Data section
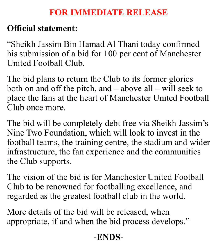根据官方声明,卡塔尔伊斯兰银行(QIB)董事局主席、王室成员贾西姆王子确认已经提交了100%收购曼联的报价。卡塔尔王子将通过新设立的“92基金会”展开收购。财大气粗的卡塔尔富豪强调,这笔交易不会用到任何融资杠杆。
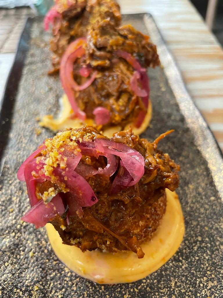 Primera📸-. Causa rebozada con cochinita pipil (tapa 4€ de 1 unidad; ración 11€ 3).
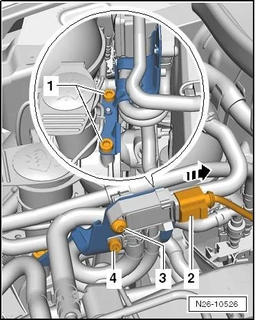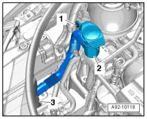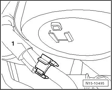 - Отсоединить провод -1- дифференциального датчика давления -G505- с держателем от верхнего кожуха зубчатого ремня;

Aim of the task
Each line from the one containing "Primera📸-. Causa rebozada" to the final line of the data must be printed exactly, both included, with nothing else and no pictures.

Response below
 Primera📸-. Causa rebozada con cochinita pipil (tapa 4€ de 1 unidad; ración 11€ 3).
 - Отсоединить провод -1- дифференциального датчика давления -G505- с держателем от верхнего кожуха зубчатого ремня;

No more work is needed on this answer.